Thank you, Secretary Besant, for appearing before the Committee today, particularly since you're coming directly from critical trade negotiations with China.  UN Ambassador Greer made progress, which we may learn more about during today's hearing.  I strongly support this engagement and the President's policy to press China to open up to American trade.   Nevertheless, the primary purpose for today's hearing is to discuss equally two critical issues, the President's budget for fiscal year 2026, as well as ongoing tax reform efforts.  The President's budget and economic agenda aim to put our country back on track by cutting wasteful government spending and unleashing economic growth, simultaneously boosting jobs, wages, and government revenue.   The administration has made significant progress in reducing spending by streamlining processes and improving efficiencies across agencies, including the Internal Revenue Service.  While some warned fiscal prudence at the IRS would harm tax collection, the opposite has proven true.  Individual income and payroll tax receipts came in $120 billion higher this year, in line with Congressional Budget Office projections.   These numbers are further evidence that Washington does not have a revenue problem.  It has a spending problem.   A critical part of the President's agenda, and my top priority as Finance Committee Chairman, is to permanently extend the successful 2017 Trump tax cuts and prevent a more than $4 trillion tax hike on American families and workers.  The 2017 Trump tax cuts increased investment, boosted economic growth, and allowed taxpayers to keep more of their hard-earned money.   Far from a handout to the wealthy, the reforms lowered tax rates for Americans of all income levels, and middle-class families reaped the largest proportional benefits.
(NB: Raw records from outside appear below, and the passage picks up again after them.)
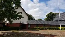 Ved højskolens indgangsparti er indsat en navnesten fra Flors højskole.
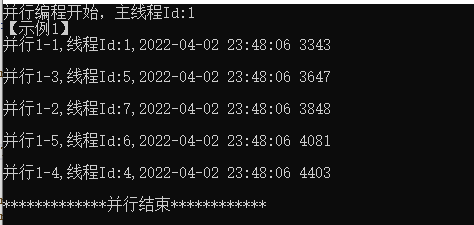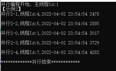 Console.WriteLine($"并行编程开始,主线程Id:{Thread.CurrentThread.ManagedThreadId}");
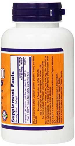 -. Binding : Health and Beauty -. Brand : NOW Foods -. Feature : Non-GMO an Soy-FREE / 400 IU Natural Vitamin E / d-alpha Tocopherol from Non-GMO Sunflower Oil -. IsAdultProduct : 0 -. Label : Now Foods -. Manufacturer : Now Foods -. PackageQuantity : 1 -. ProductGroup : Health and Beauty -. ProductTypeName : HEALTH_PERSONAL_CARE -. Publisher : Now Foods -. Studio : Now Foods -. Title : Now Foods Sun-E 400 IU SF Softgels
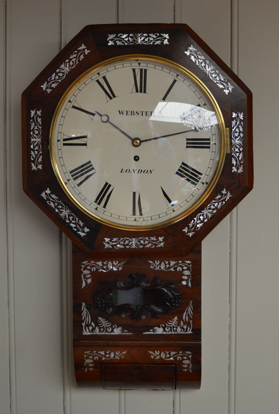 Victorian Rosewood & Mother of Pearl Drop Dial Wall Clock, England, 1850 (1 of 1)
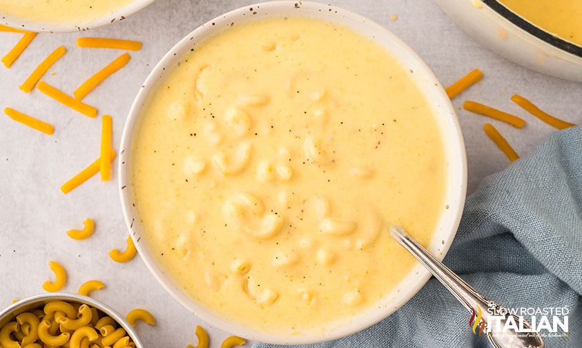 After testing dozens of mac and cheese variations over the years, I discovered the secret to silky mac soup is to never boil the cheese. Always melt it off the heat.
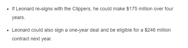 至于第二种方案,则可以让利益最大化,但与此同时有一定的风险。鉴于小卡新赛季的出战可能性不大,就算能回归,也只能打少量的比赛。小卡可以签一份起薪3900万美元的短约,然后在2022年再次成为自由球员,届时,快船将拥有小卡的鸟权,可以和他最多签一份5年2.46亿美元的顶薪合同。

If these tax cuts expire, all Americans will be hit with the largest tax hike in U.S.  history.  The majority of the increase will fall on those making less than $400,000 per year.   The average family will see a $1,700 tax increase.  Small business owners will lose both their lower rates and the small business deduction, facing rates up to 43%.  Millions of families will see their child tax credit and their death tax exemptions cut in half.   Republicans are committed to preventing this tax hike and making the 2017 tax cuts permanent while delivering additional tax relief to middle-class families.  The House passage of the One Big Beautiful Bill was a significant achievement, and we're capitalizing on that momentum to deliver a bill to the President's desk as quickly as possible.  This legislation recognizes that extending proven tax reform is critical for working families.   The bill also recognizes the solution to our debt crisis is not to tax Americans more.  It is to spend less.  Tax revenues surpassed estimates this filing season, and tax revenue as a percent of GDP has remained consistent over the last 50 years at about 17%.   Simply extending current tax policy will not increase that deficit.  Republicans are undertaking significant spending reductions and have targeted more than $1.5 trillion in savings, the single largest reduction in mandatory spending in history.   These reforms target waste, fraud, and abuse that proliferated in our spending programs during the pandemic and under the Biden administration.  I understand some of my colleagues are now raising process concerns that they did not adhere to in the American Rescue Plan Act in 2021 or the Manchin-Schumer deal that became the Inflation Reduction Act in 2022.